There's a very solid core here though - this is not the quickfire cash-in or licensed-after-the-fact awkwardness it could have been, given its origins. It really does feel like a Homeworld game, despite the transition from a galactic scale to a terrestrial one. I fear the relative lack of variety handicaps its potential to be a multiplayer hit and thus enjoy the sort of lifespan that the Homeworlds did/do, but as a singleplayer offering it's substantial and satisfying, so long as you can put up with some AI wobbles and a certain amount of going through the motions. As for its part in Homeworld lore, well, there's a lot for fans to pick over/yell about, but if you're into spaceships-as-mythology you should get something out of it.

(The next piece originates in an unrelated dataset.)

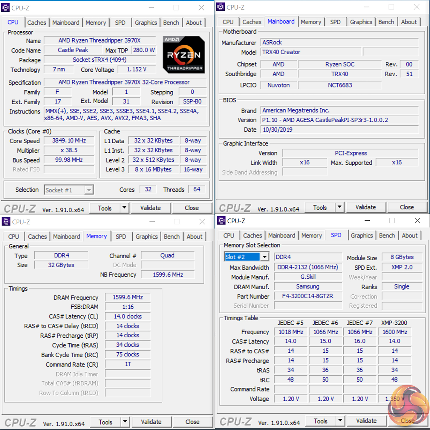 - ASRock TRX40 Creator BIOS 1.10 [AGESA 1.0.0.2] (latest at the time of testing).
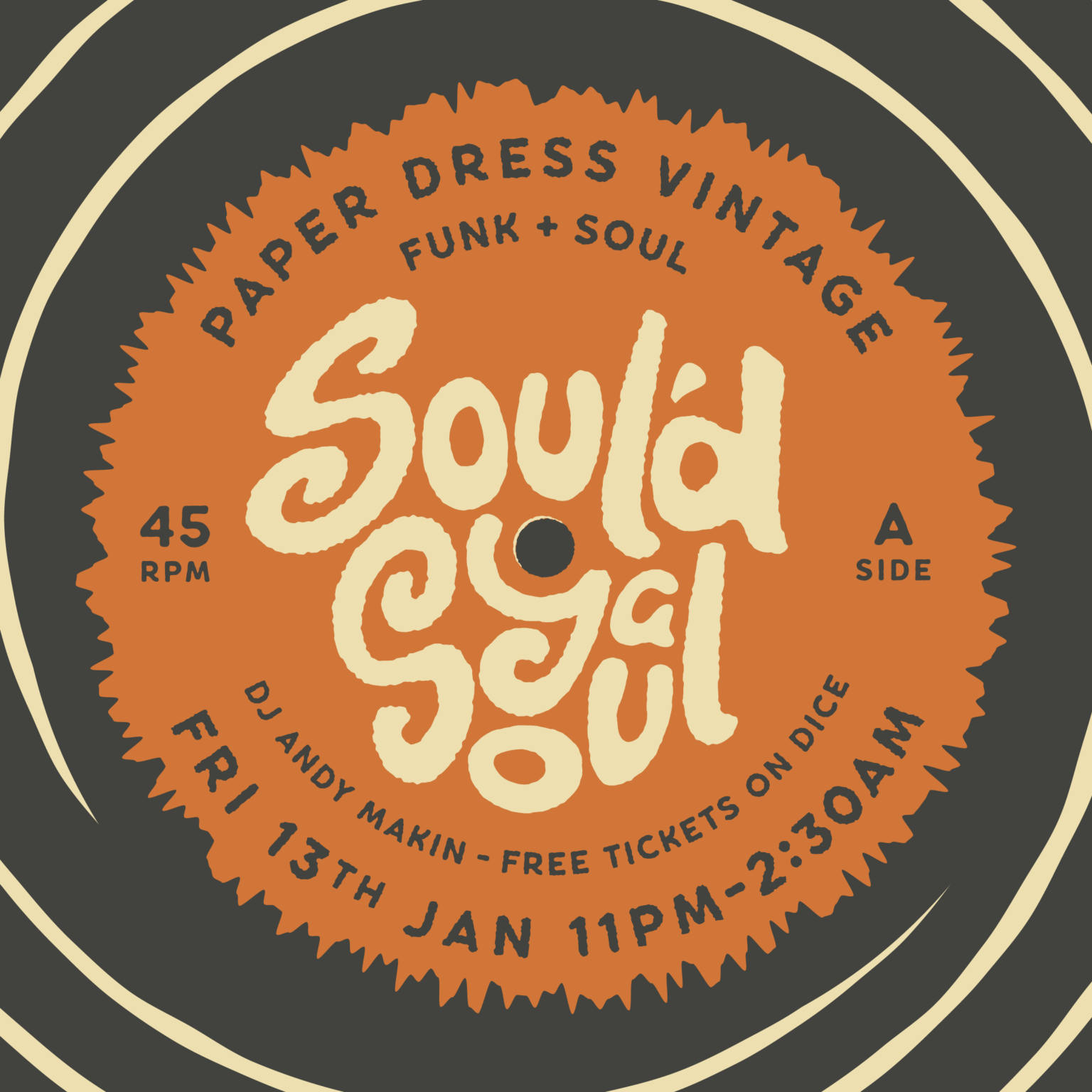 Soul’d Ya Soul is back at Paper Dress for anther evening of dancefloor dynamite! DJ Andy Makin will be digging deep in the crates and dropping the finest disco, funk & soul treats all night long.

In terms of being an RTS you can play even if you've never been anywhere near a Homeworld, yep, it is. Some of the major cutscenes won't mean as much, but then again they're so dry that I'm not sure they'd connect even were they about a brand new universe, and in any case you don't need any of that to justify or explain war machines fighting in the desert, which is what this game really is. And it's damn good at it.

Deserts of Kharak does manage to be standalone as well as prequel to an old series, and if you're tired of the twitchy frenzy which grips so many latter-day RTSes, Kharak is a smart and beautiful destination whether or not you still dream of Hiigara. It might be set on land, but by recent RTS standards it's nonetheless reaching for the stars.

Homeworld: Deserts Of Kharak is out now for Windows via Steam and Humble.